HOW TO COMPLETE THIS TASK - Please produce an exact transcription of the lines from the one containing "A decoração rústica" through the last line of the entries, leaving out every picture.

GIVEN INFORMATION -
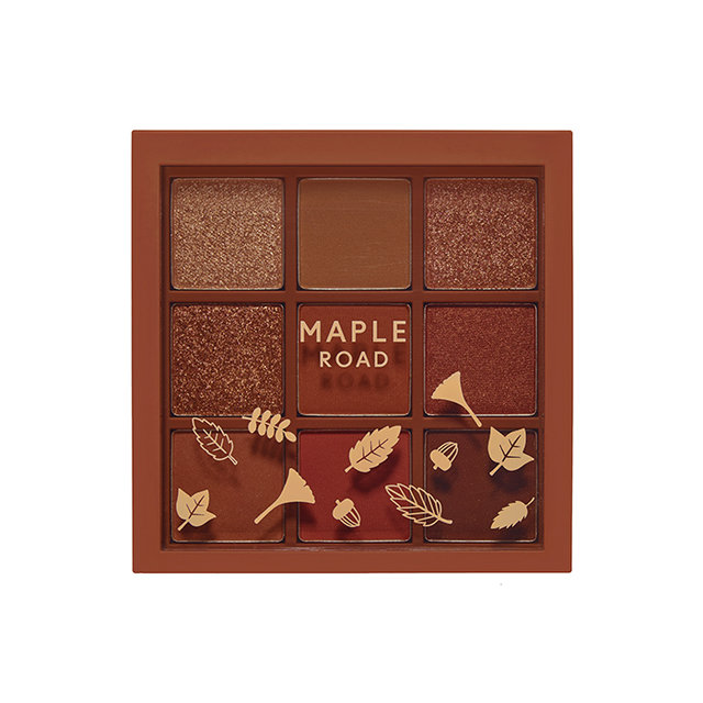 オンライン限定で新発売されるのは、ロマンチックに染まる優雅な夕焼けのような、温もり感あるレッドブラウンアイが叶う9色入りの新「プレイカラー アイシャドウ メープルロード」(写真左)。
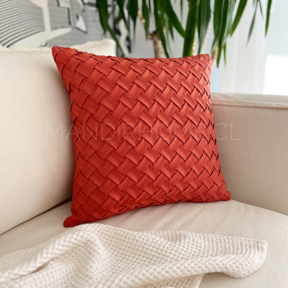 ¡Quedan 2! Funda Cojín Gamuza Entrelazado Naranjo Cuadrada
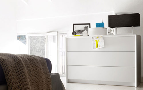 Calligaris - Comoda Password. Cele trei sertare sunt dotate cu un mecanism util de deschidere push-pull. Front de lemn cu linii moderne, curate. Pret: 915 euro +T.V.A.
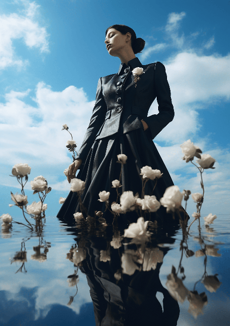 A high fashion model in an unconventional Yves Saint-Laurent outfit, her silhouette reflected on the mirror-like surface of a serene lake, under a sky filled with floating, oversized roses. Low angle view for Esquire, by Bella Kotak --ar 5:7 --s 250 --style raw --v 6.0
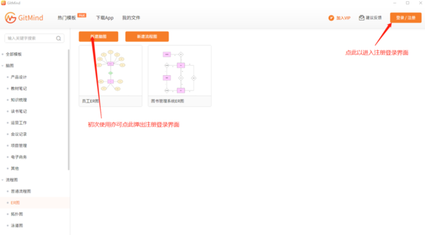 在我们打开Gitmind后,点击其右上角的【登录/注册】即可来到Gitmind的账号等注册界面。(如果是初次使用Gitmind,也可以点击【新建脑图】以弹出账号登录注册界面)。
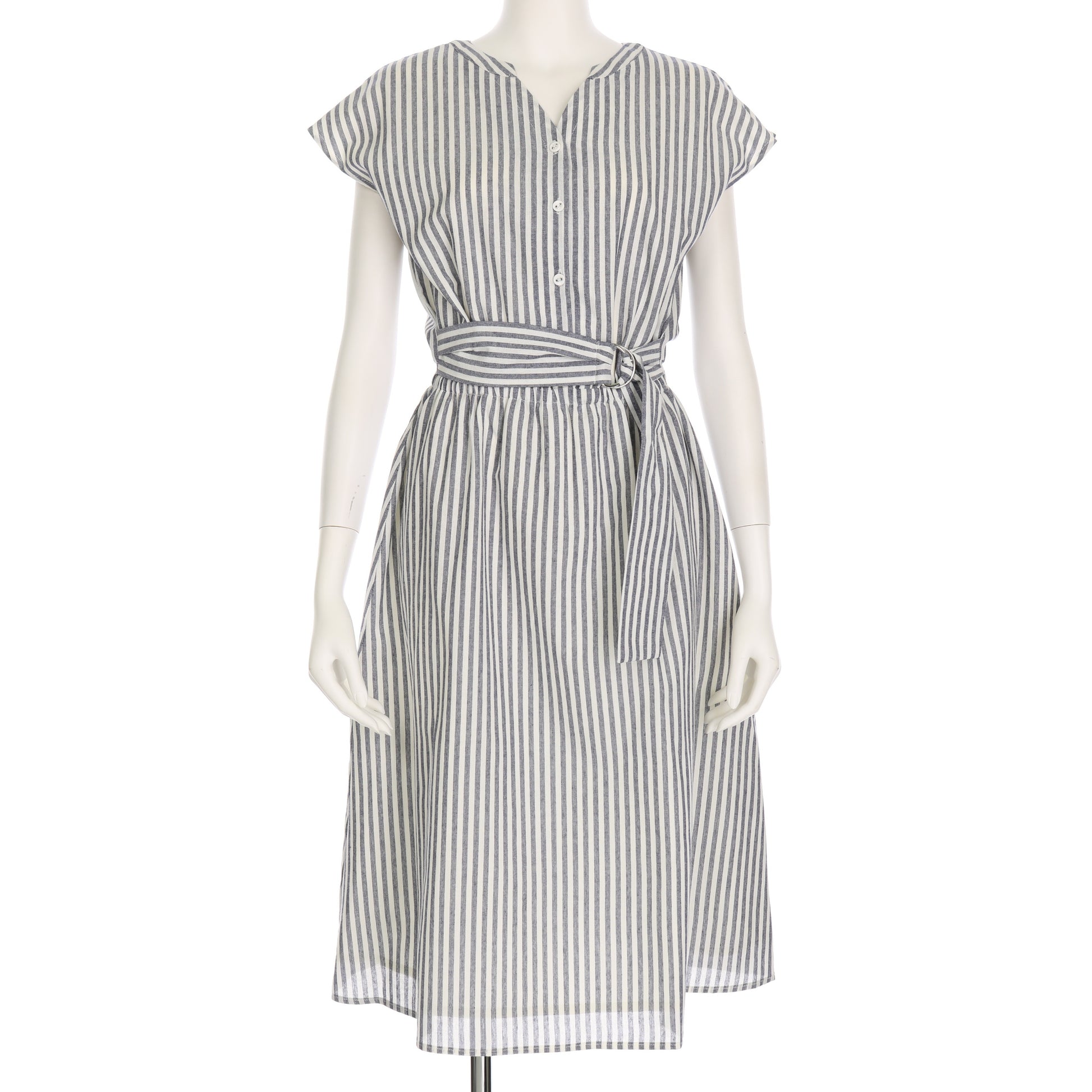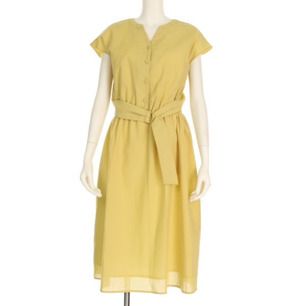 ウエストのベルトデザインがポイントのワンピース。裏地付きなので1枚で着られるのも嬉しいですね!
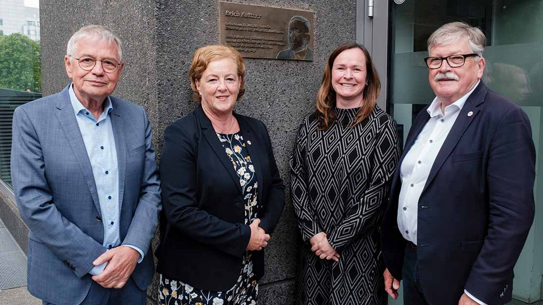 Neben dem Eingang zum „Erich-Kuttner-Haus“ erinnert nun eine Bronzetafel an den Mitbegründer des früheren Reichsbundes und heutigen SoVD. Zu deren Enthüllung waren haupt- und ehrenamtlich Aktive sowie Mitglieder von Verbandsrat und Bundeskonferenz erschienen.
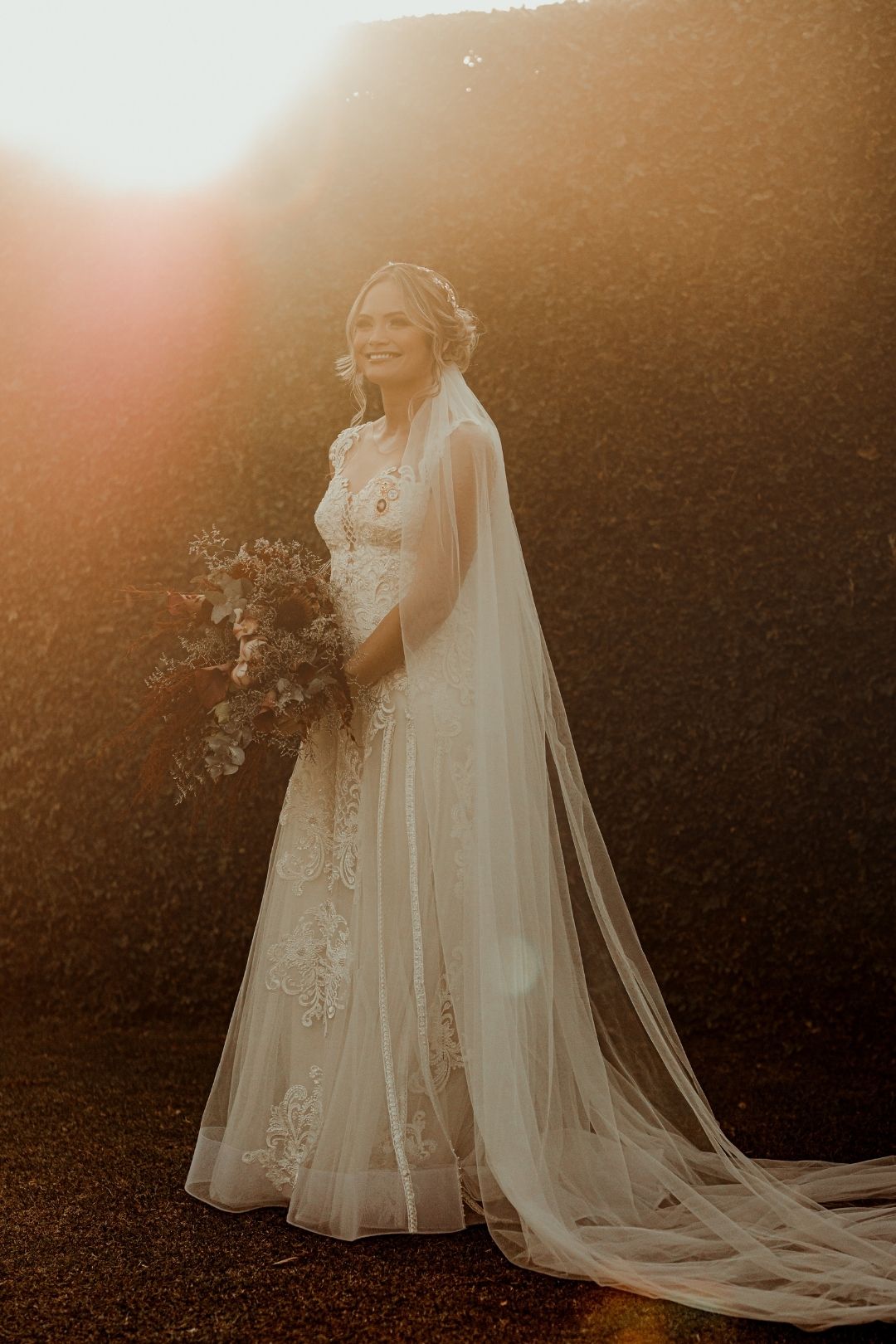 A decoração rústica em tons terrosos e azul criou um ambiente aconchegante perfeito e trouxe ainda mais destaque para o vestido da noiva.
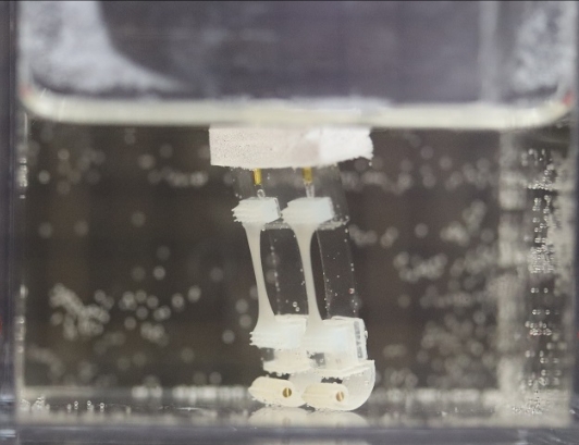 为了建造一个动作更灵活、更精细的机器人,研究人员设计了一种模仿人类步态并在水中操作的生物混合机器人。该机器人有一个泡沫浮标顶部和加重的腿,能帮助它在水下直立。机器人的骨架主要由硅橡胶制成,可弯曲以适应肌肉的运动。然后,研究人员将实验室培养的骨骼肌组织条连接到硅橡胶和两条腿上。
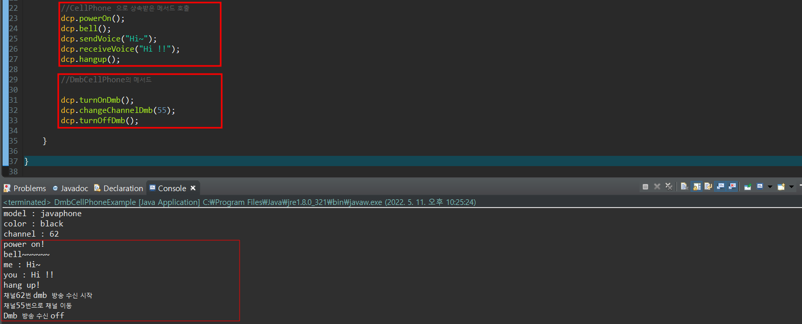3-4. DmbCellPhone 으로 상속받은 메서드 호출
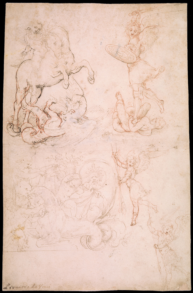 Studienblatt mit dem hl. Georg, dem Erzengel Michael und spielenden Putti |

RESULT OF THE TASK -
 A decoração rústica em tons terrosos e azul criou um ambiente aconchegante perfeito e trouxe ainda mais destaque para o vestido da noiva.
 为了建造一个动作更灵活、更精细的机器人,研究人员设计了一种模仿人类步态并在水中操作的生物混合机器人。该机器人有一个泡沫浮标顶部和加重的腿,能帮助它在水下直立。机器人的骨架主要由硅橡胶制成,可弯曲以适应肌肉的运动。然后,研究人员将实验室培养的骨骼肌组织条连接到硅橡胶和两条腿上。
3-4. DmbCellPhone 으로 상속받은 메서드 호출
 Studienblatt mit dem hl. Georg, dem Erzengel Michael und spielenden Putti |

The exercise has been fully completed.